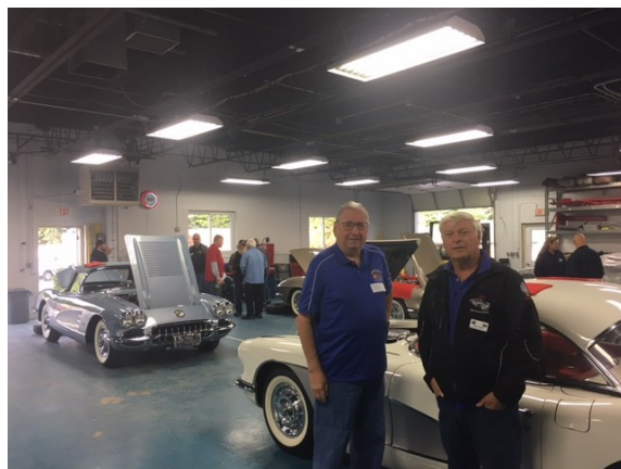
Judging Participants in Action
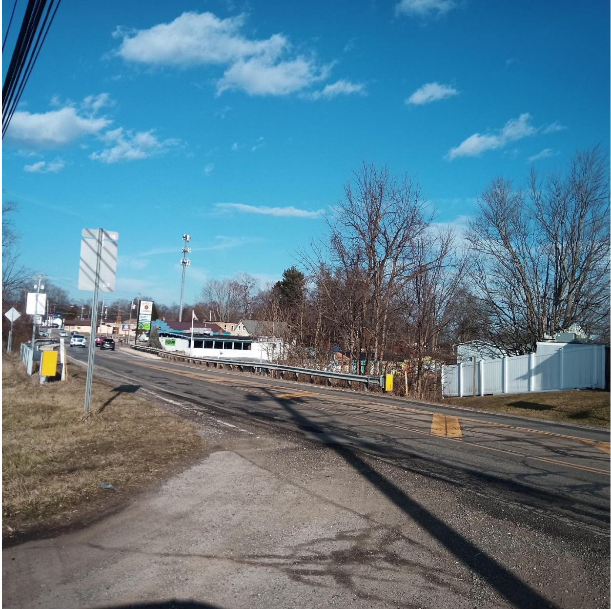
Lack of pedestrian or bicycle facilities to connect both sides of the channel. Pedestrians and cyclists must share a narrow bridge with vehicles when trying to cross channel.
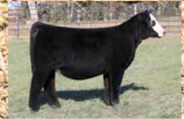
HERBSTER COUNTESS 11L | Full Sister to Lot 6
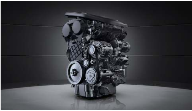
2.0TD+BAT high performance powertrain.
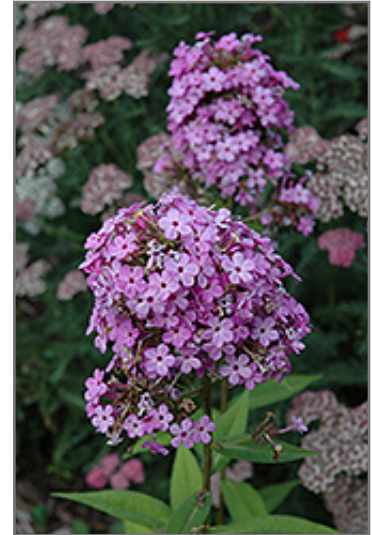
Jeana Garden Phlox flowers

Jeana Garden Phlox is a dense herbaceous perennial with an upright spreading habit of growth. Its medium texture blends into the garden, but can always be balanced by a couple of finer or coarser plants for an effective composition.
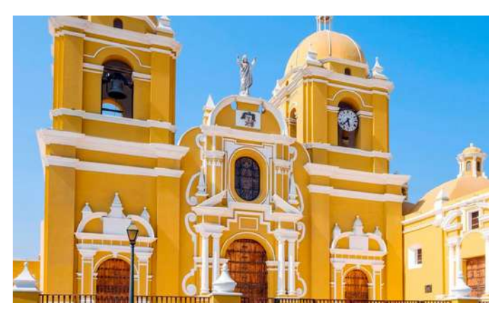
"DIVE INTO NORTHERN PERU'S ANCIENT CIVILIZATIONS"

Stand before the Cathedral of Trujillo, a symbol of religious tradition and baroque architecture. Though we don't enter, your guide will unveil the fascinating history behind its striking yellow towers and centuries-old legacy.
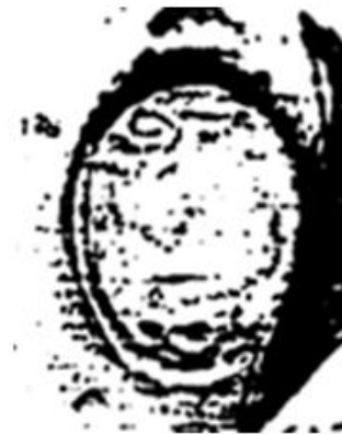
Figure9. Clay seal impression from 6th Dynasty [26].
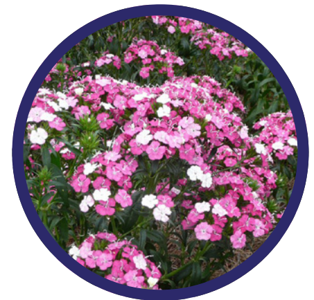
Amazon Dianthus (HEIGHT: 18-36")
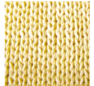
>> cut protection + heat insulation made from 100% KEVLAR®

The tried and tested leather gloves from Penkert offer ideal conditions for all applications associated with the auxiliary and rescue services. The physical safety of the emergency staff always takes centre stage. Reliable hand protection is one of the key requirements. With the BRAVEMAN glove you are on the safe side in all situations and help not only yourself, but others too.
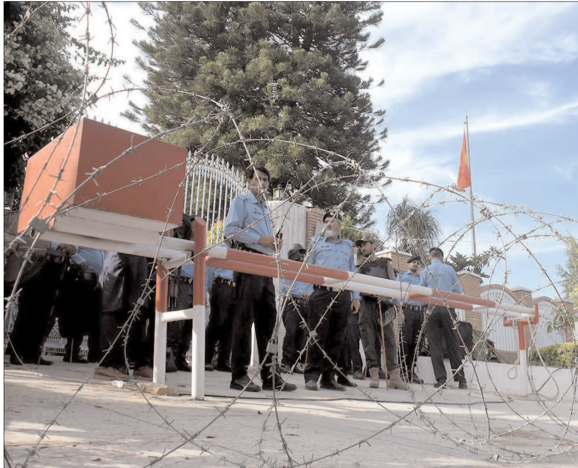
ISLAMABAD: Police officials standing alert in front of Kyrgyzstan's embassy during Islami Jamiat-e-Tulba protest against Bishkek incident.

He said that Shaheed Bhutto's policies upheld the rights of the underprivileged and the independence of the judiciary, and that Shaheed Bibi introduced several reforms to strengthen the judiciary and support the legal profession.
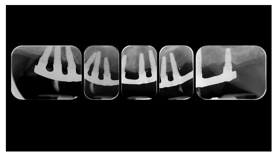
Figure 4. Radiographic status of the previous restoration.
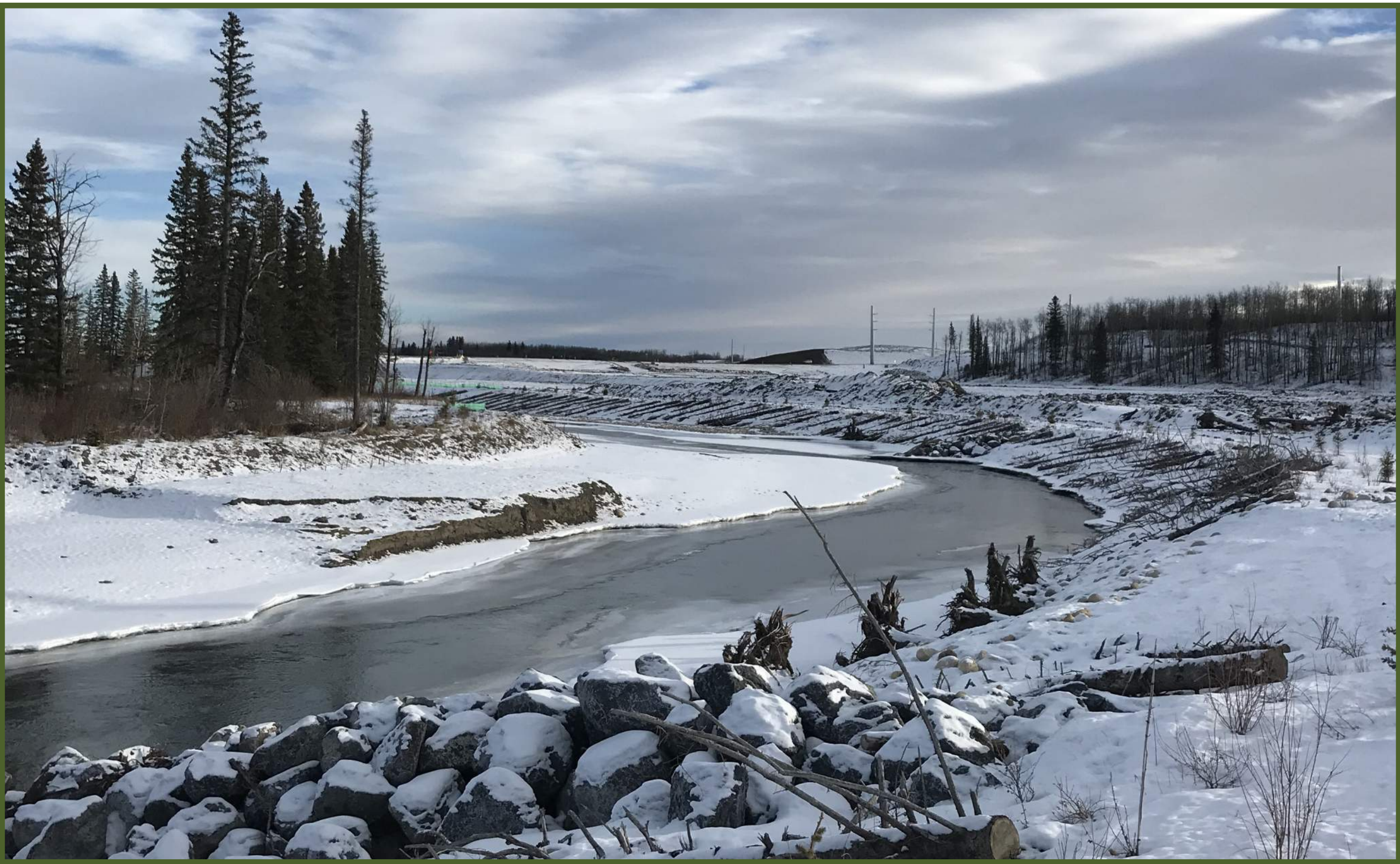
Elbow River realignment in late 2018
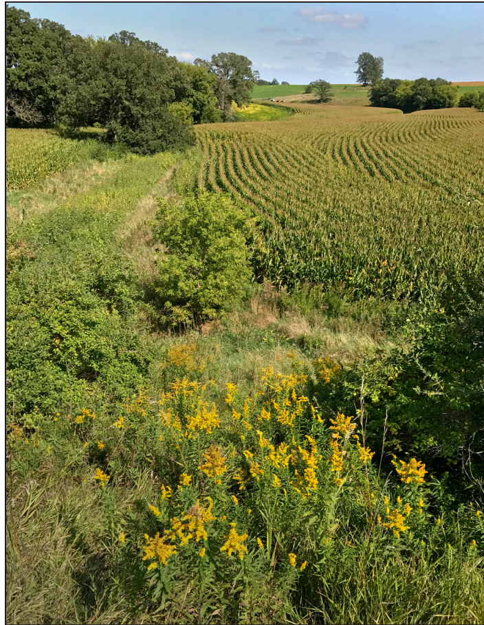
Top: The downstream view from the 494-foot-long, 24-foot tall earthen dam shows corn fields. Contour strip cropping was among the conservation practices put in place when the dam was built. Bottom: The Root River flows outside Preston.

The pond once attracted ducks, geese and waterfowl hunters. Once it filled in, his father farmed the land. At times, it produced good corn crops. At times, the

────────────────────

» **Required work**: Return the listing above word for word, with the pictures removed.

» **Answer for the task**:
Judging Participants in Action
Lack of pedestrian or bicycle facilities to connect both sides of the channel. Pedestrians and cyclists must share a narrow bridge with vehicles when trying to cross channel.
HERBSTER COUNTESS 11L | Full Sister to Lot 6
2.0TD+BAT high performance powertrain.
Jeana Garden Phlox flowers

Jeana Garden Phlox is a dense herbaceous perennial with an upright spreading habit of growth. Its medium texture blends into the garden, but can always be balanced by a couple of finer or coarser plants for an effective composition.
"DIVE INTO NORTHERN PERU'S ANCIENT CIVILIZATIONS"

Stand before the Cathedral of Trujillo, a symbol of religious tradition and baroque architecture. Though we don't enter, your guide will unveil the fascinating history behind its striking yellow towers and centuries-old legacy.
Figure9. Clay seal impression from 6th Dynasty [26].
Amazon Dianthus (HEIGHT: 18-36")
>> cut protection + heat insulation made from 100% KEVLAR®

The tried and tested leather gloves from Penkert offer ideal conditions for all applications associated with the auxiliary and rescue services. The physical safety of the emergency staff always takes centre stage. Reliable hand protection is one of the key requirements. With the BRAVEMAN glove you are on the safe side in all situations and help not only yourself, but others too.
ISLAMABAD: Police officials standing alert in front of Kyrgyzstan's embassy during Islami Jamiat-e-Tulba protest against Bishkek incident.

He said that Shaheed Bhutto's policies upheld the rights of the underprivileged and the independence of the judiciary, and that Shaheed Bibi introduced several reforms to strengthen the judiciary and support the legal profession.
Figure 4. Radiographic status of the previous restoration.
Elbow River realignment in late 2018
Top: The downstream view from the 494-foot-long, 24-foot tall earthen dam shows corn fields. Contour strip cropping was among the conservation practices put in place when the dam was built. Bottom: The Root River flows outside Preston.

The pond once attracted ducks, geese and waterfowl hunters. Once it filled in, his father farmed the land. At times, it produced good corn crops. At times, the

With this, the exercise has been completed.